He nodded. "Yes. We will find a way to make this work, Edward."

"I trust you," I told him with a smile. He returned my smile, albeit slightly more grimly, then stepped into the cab. He gave the driver the name of the hospital and the car moved once more into the traffic. I watched it until it disappeared onto the streets. Then I turned to the hundreds of gravestones that covered the grounds of Oakswood Cemetery.

I was not entirely sure where my parents would be buried. They must have planned it in their wills, but I had never been made aware of that fact, supposing of course that their deaths would be a long while away indeed. Neither would they be exactly new so there would be no physical markings to guide me.

There was no one around- the caretaker was in his small abode nearby, getting dinner ready. I walked at my normal pace to search through the gravestones.

I came to them near the left corner of the cemetery. The stones were not ornate, but rather simple lines carved into stones of fine material. They were still clean and neat and showed no signs of wear. A befitting representation for the lives my mother and father had lived.

And at the very last of the row, nearly touching the fence enclosing the grounds, was my grave.

It was not as strange as I thought it would be, gazing down at my own grave, and not just because I knew the grave to be empty. Perhaps it was because I had accepted that my life, in some form, had ended.

My life as a human was over. Life as a vampire was not as bad as some might believe it to be, at least the way that Carlisle had taught me, but it did not mean that there weren't certain aspects of my human life that I would not be able to revisit. That would not have changed unalterably.

I wondered if I would have wanted Carlisle to save my parents the way he had saved me. Their bodies may not have been able to withstand the pain however; perhaps it would have been a fruitless effort.

And as I contemplated, I felt assured that they were where they belonged now. My parents had been very good people; there could be no reason for them to be anywhere but in heaven.

Was there a place for me in that same heaven now?

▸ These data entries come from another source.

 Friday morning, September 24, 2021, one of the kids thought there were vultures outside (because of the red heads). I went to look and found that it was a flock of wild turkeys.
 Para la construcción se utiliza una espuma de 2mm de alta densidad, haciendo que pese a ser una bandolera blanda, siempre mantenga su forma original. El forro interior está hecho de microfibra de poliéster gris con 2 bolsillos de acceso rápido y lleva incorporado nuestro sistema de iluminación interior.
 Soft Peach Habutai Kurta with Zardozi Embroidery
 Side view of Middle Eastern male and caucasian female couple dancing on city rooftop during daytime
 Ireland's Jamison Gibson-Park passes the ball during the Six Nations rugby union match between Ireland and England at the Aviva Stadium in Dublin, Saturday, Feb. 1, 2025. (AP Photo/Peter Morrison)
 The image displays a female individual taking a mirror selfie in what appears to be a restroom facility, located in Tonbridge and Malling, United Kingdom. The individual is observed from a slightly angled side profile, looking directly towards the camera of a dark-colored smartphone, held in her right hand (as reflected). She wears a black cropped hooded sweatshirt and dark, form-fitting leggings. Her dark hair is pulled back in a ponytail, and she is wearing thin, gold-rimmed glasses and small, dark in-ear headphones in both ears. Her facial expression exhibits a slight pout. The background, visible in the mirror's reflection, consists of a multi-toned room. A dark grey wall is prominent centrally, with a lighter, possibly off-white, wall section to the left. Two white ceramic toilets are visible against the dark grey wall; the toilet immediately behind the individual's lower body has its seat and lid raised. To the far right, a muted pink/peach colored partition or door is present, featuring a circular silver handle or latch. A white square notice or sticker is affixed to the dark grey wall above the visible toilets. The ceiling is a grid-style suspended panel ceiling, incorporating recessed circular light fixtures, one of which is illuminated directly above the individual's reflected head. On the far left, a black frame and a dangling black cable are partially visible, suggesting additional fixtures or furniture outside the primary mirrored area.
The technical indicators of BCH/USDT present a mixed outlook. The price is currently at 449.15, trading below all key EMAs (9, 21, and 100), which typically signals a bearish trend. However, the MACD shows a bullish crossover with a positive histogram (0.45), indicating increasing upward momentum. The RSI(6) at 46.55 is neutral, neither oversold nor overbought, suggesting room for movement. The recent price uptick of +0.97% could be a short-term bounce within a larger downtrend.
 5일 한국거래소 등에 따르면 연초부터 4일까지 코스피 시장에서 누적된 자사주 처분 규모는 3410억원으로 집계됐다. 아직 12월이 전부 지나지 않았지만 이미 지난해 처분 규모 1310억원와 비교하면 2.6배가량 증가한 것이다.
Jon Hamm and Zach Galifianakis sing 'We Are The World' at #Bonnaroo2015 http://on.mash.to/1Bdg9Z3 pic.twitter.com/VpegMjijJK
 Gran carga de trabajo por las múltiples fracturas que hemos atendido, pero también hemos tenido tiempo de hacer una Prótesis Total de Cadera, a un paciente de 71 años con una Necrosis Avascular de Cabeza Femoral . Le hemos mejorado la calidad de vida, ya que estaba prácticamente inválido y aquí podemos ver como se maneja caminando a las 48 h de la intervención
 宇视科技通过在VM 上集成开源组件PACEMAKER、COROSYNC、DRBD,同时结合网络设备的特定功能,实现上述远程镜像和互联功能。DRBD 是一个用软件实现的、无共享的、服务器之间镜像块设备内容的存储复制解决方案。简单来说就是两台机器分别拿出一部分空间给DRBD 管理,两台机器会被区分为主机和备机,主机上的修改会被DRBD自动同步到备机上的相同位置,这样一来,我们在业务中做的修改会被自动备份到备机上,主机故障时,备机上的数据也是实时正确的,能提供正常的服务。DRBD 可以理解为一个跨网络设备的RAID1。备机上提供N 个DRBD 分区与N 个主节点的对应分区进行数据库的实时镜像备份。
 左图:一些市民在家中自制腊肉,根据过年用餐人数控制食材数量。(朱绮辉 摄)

It simply didn't seem right. A part of me very much wanted to believe it- wanted to believe in Carlisle's view, that we would have the same chance as any other human, but we were so different from humans now. My natural reactions, even if I had learned to overcome them, were little better than a human murderer. How could I possibly be viewed in the same light?

And there simply had to be a price to pay for limitless strength and immortality. What greater price could there be than that of a soul?

Well, there was really no reason to worry about that now. As far as Carlisle had told me, I had no reason to fear my existence being extinguished as there was one single, and very difficult, way of accomplishing that. I would have eons to ponder over the status of my soul.

I looked to the graves of my parents again. I had not even thought to bring flowers, and as I viewed the surrounding snow-covered grounds, there was nothing available here either. The only thing I could do was promise that I would protect and keep safe all that they had left behind in the world and never allow them to fade. Especially as my own memories would.

I tried to dredge up some memories now. A few hazy flashes from my childhood surfaced. All happy, all good memories. But growing ever shorter, less clear.

I stared at their gravestones, memorizing each tiny facet until I heard the sound of the cab pull into the cemetery once more.

"Goodbye," I whispered to the cold night air and walked to the cemetery entrance.

Carlisle stepped out of the cab, a slightly apprehensive tenor to his thoughts, but relieved as well. It did not appear that there had been any trouble. His face smoothed as he saw me.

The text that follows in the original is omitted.